Die niedrige Arbeitslosigkeit und steigende Löhne beflügeln den privaten Konsum. Die USA werden nach dem Wahlsieg der Republikaner bei den Zwischenwahlen ihr Augenmerk verstärkt auf die Konsolidierung der öffentlichen Haushalte richten. Das schafft neues Vertrauen und wird mittelfristig auch die Wachstumskräfte wieder stärken.

Von einem erneuten Abrutschen der USA in die Rezession spricht inzwischen ohnehin kaum noch jemand. Auch die chinesische Regierung wird beim Anziehen der Konjunkturzügel sehr genau darauf achten, dass der Wachstumszug nicht allzu sehr ins Stocken gerät.

Natürlich wird Deutschland schon allein auf Grund des Basiseffekts das hohe Wachstumstempo aus 2010 im nächsten Jahr nicht halten können. Und die Wirtschaft in Deutschland wird mit einem realen BIP-Anstieg von 2,5 Prozent, wie wir ihn in der PLATOW Prognose 2011 vorhersagen, für deutsche Verhältnisse immer noch überdurchschnittlich kräftig wachsen.

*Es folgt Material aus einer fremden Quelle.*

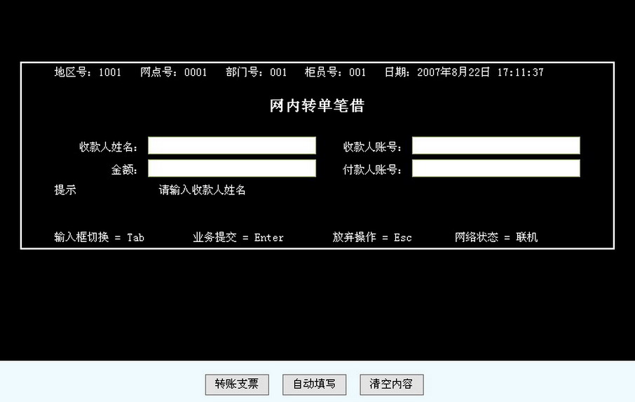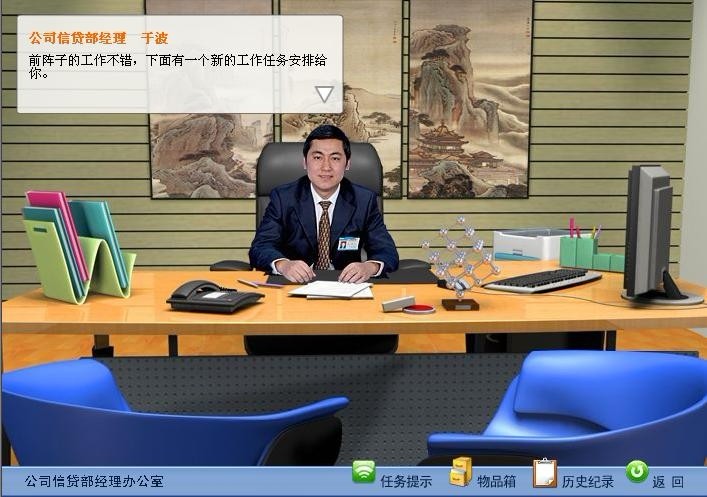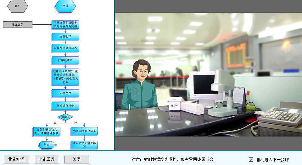 學(xué)生在經(jīng)過(guò)基礎(chǔ)的實(shí)務(wù)課程學(xué)習(xí)后,將被置于一個(gè)完全仿真的現(xiàn)代商業(yè)銀行的工作環(huán)境中,面對(duì)銀行每日的工作開(kāi)始進(jìn)行模擬實(shí)操。學(xué)生們將會(huì)面對(duì)虛擬的客戶提出的各種要求來(lái)進(jìn)行相應(yīng)的處理。對(duì)于學(xué)生來(lái)講,實(shí)操過(guò)程中的所有操作都是自由的,他們需要通過(guò)完全自主的思考來(lái)判斷下一步的操作。譬如客戶提出的支票轉(zhuǎn)帳請(qǐng)求是否受理?如果不受理理由是什么?(譬如涉及支票的鑒別、簽章的鑒別等)接受以后如何操作?同時(shí)模擬系統(tǒng)根據(jù)內(nèi)置的業(yè)務(wù)邏輯自動(dòng)判斷學(xué)生操作的正確性,對(duì)其業(yè)務(wù)能力進(jìn)行實(shí)時(shí)的評(píng)價(jià)和記錄,并且將結(jié)果及時(shí)反饋給學(xué)生。通過(guò)每一步操作的自主思考和系統(tǒng)不斷的提示加強(qiáng)學(xué)生對(duì)于業(yè)務(wù)處理的理解,幫助其提高業(yè)務(wù)操作的熟練程度,并且培養(yǎng)其判斷分析能力。實(shí)操訓(xùn)練的內(nèi)容完全參照日常銀行業(yè)務(wù)操作所涉及的范圍,同時(shí)也可以根據(jù)實(shí)驗(yàn)課程主題的要求進(jìn)行具體的靈活配置。

Davon sollten vor allem zyklische Werte wie der Chemie-Spezialist Lanxess profitieren. Die ehemalige Bayer-Tochter hat in diesem Jahr bereits mehrfach ihre Ergebnisprognose angehoben und strebt auch mittelfristig ehrgeizige Gewinnziele an. Als weltweit führender Produzent von synthetischem Kautschuk für die internationalen Reifenhersteller will Lanxess am Megatrend Mobilität partizipieren.

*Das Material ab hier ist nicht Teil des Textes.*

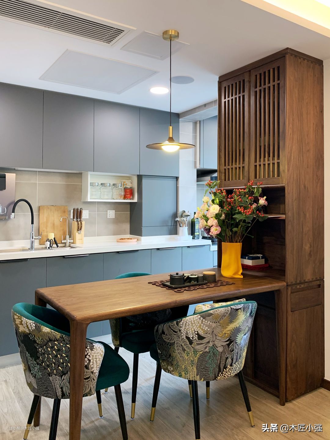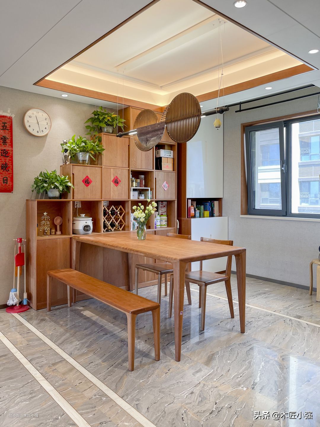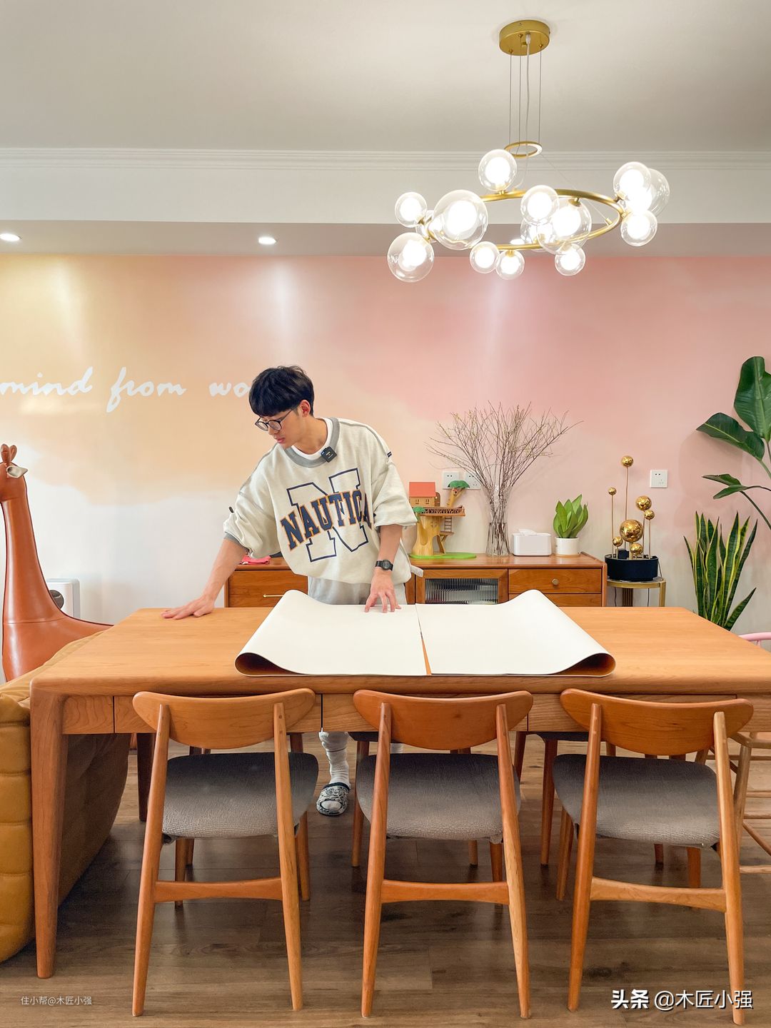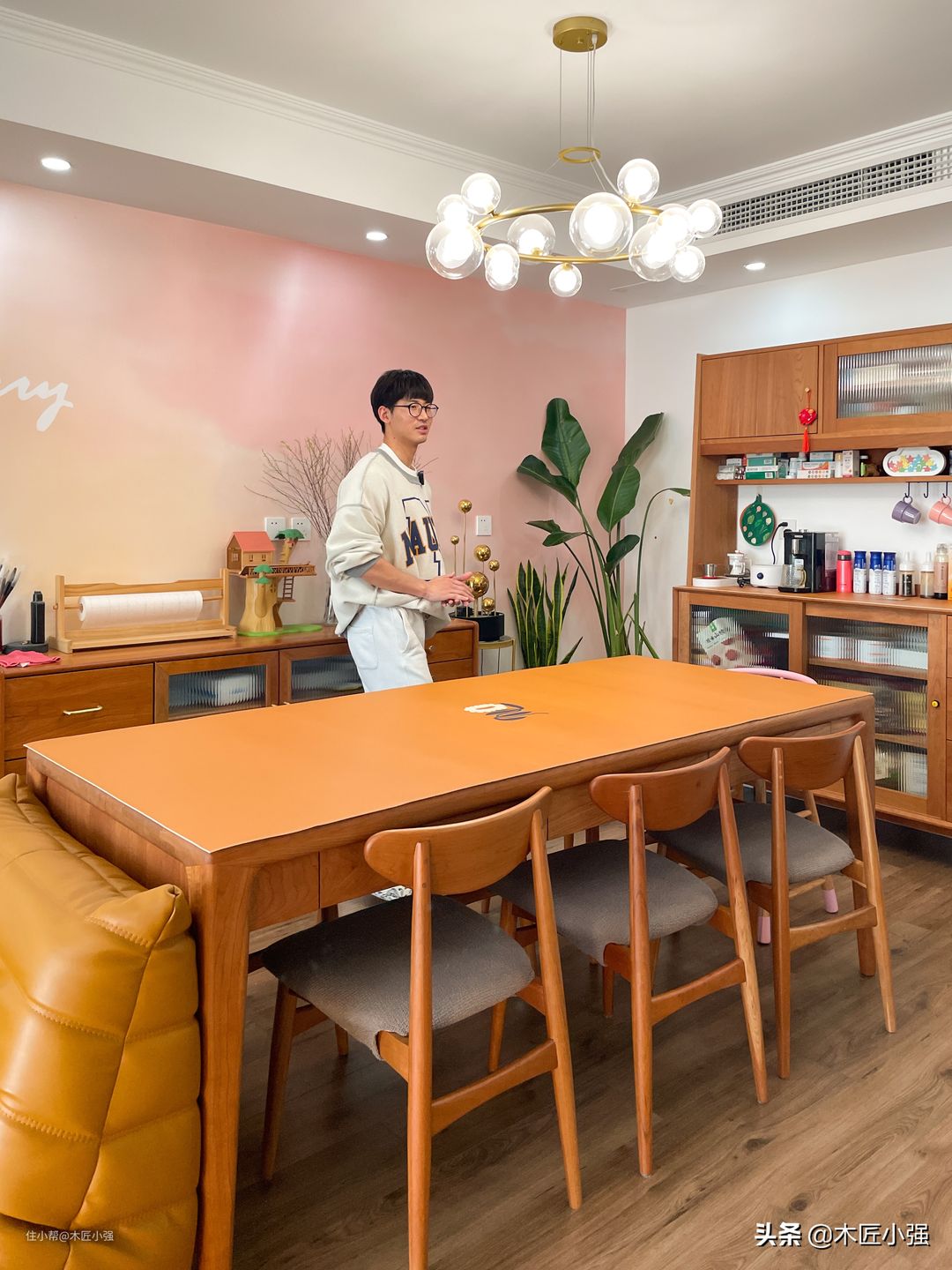 当然,对于有可能经常接触水和油污的家具,比如餐桌、餐边柜,尽量做好防护,因为木蜡油表面耐高温、油污和防水性能相对油漆家具弱。下面的图为了拍照好看去掉了防护,平时使用,还是需要铺个桌布或者玻璃的。

Eine Wette auf die weitere Erholung der Weltkonjunktur ist die Aktie des Stahlhändlers Klöckner & Co. Doch anders als klassische Stahl-Aktien wie ThyssenKrupp haben die Titel von Klöckner & Co. an der Börse bislang noch nicht so recht gezündet und bieten deshalb vergleichsweise günstige Einstiegskurse.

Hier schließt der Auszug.